WHAT TO WORK ON: The lines below, from the one holding "Hold stacks of" through the final line, are to be copied exactly, with no other lines and no pictures.

DATA SHOWN:

━━━━━━━━━━━━━━━━

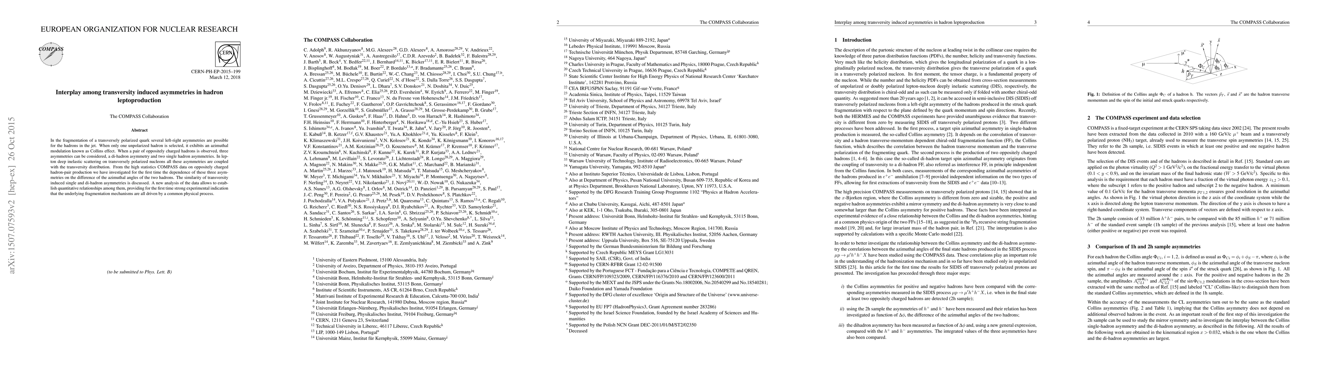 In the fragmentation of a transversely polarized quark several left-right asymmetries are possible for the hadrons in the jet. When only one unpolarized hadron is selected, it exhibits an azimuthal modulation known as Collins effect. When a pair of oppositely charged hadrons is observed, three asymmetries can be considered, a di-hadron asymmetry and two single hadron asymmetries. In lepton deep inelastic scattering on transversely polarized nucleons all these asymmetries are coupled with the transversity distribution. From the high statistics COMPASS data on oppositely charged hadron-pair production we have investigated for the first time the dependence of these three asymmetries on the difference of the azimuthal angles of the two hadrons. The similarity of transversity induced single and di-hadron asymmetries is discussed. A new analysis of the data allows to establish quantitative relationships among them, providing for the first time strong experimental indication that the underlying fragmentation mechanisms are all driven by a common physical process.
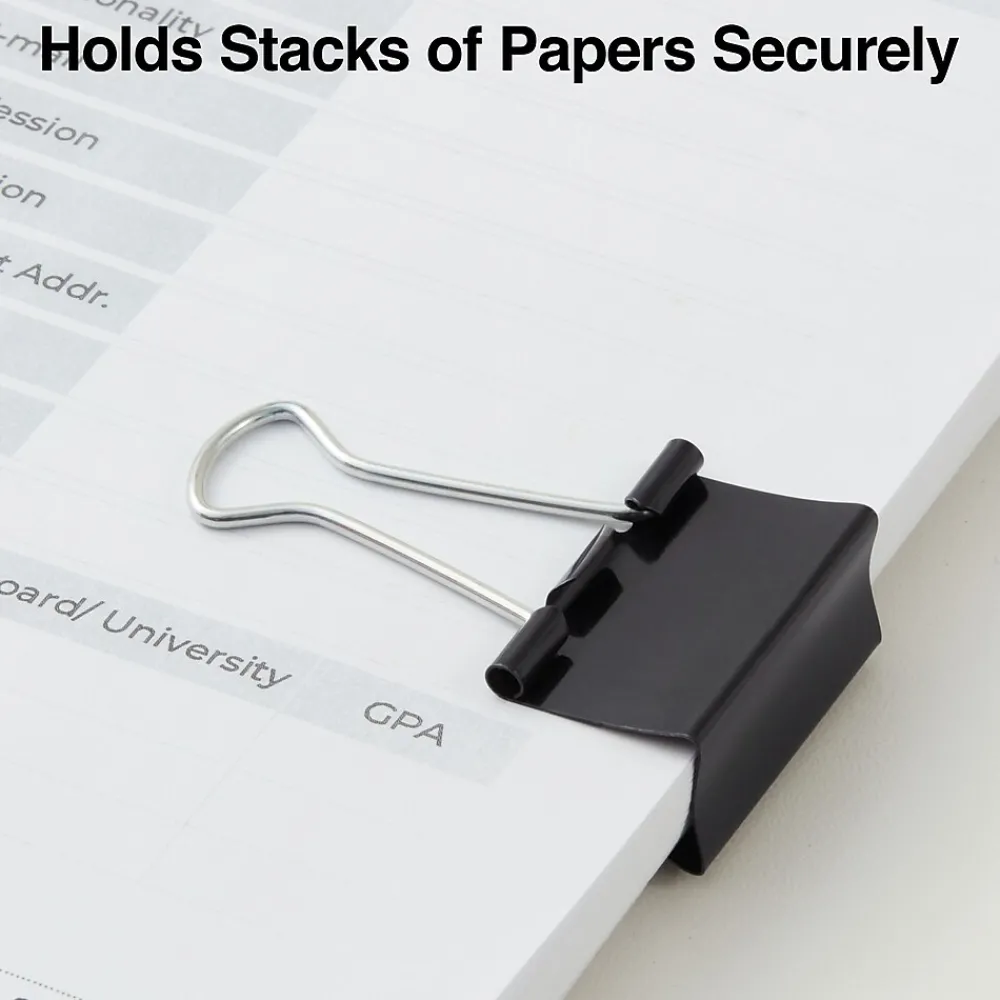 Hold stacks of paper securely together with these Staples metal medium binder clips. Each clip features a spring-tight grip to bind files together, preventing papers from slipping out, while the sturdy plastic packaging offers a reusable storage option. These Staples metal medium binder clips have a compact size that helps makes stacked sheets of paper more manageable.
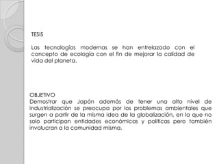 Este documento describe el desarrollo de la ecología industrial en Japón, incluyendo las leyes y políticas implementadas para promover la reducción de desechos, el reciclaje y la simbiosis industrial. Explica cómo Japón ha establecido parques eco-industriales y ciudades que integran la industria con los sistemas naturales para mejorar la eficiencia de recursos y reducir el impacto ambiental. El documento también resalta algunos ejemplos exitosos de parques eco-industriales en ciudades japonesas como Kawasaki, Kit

━━━━━━━━━━━━━━━━

EXERCISE OUTPUT:
 Hold stacks of paper securely together with these Staples metal medium binder clips. Each clip features a spring-tight grip to bind files together, preventing papers from slipping out, while the sturdy plastic packaging offers a reusable storage option. These Staples metal medium binder clips have a compact size that helps makes stacked sheets of paper more manageable.
 Este documento describe el desarrollo de la ecología industrial en Japón, incluyendo las leyes y políticas implementadas para promover la reducción de desechos, el reciclaje y la simbiosis industrial. Explica cómo Japón ha establecido parques eco-industriales y ciudades que integran la industria con los sistemas naturales para mejorar la eficiencia de recursos y reducir el impacto ambiental. El documento también resalta algunos ejemplos exitosos de parques eco-industriales en ciudades japonesas como Kawasaki, Kit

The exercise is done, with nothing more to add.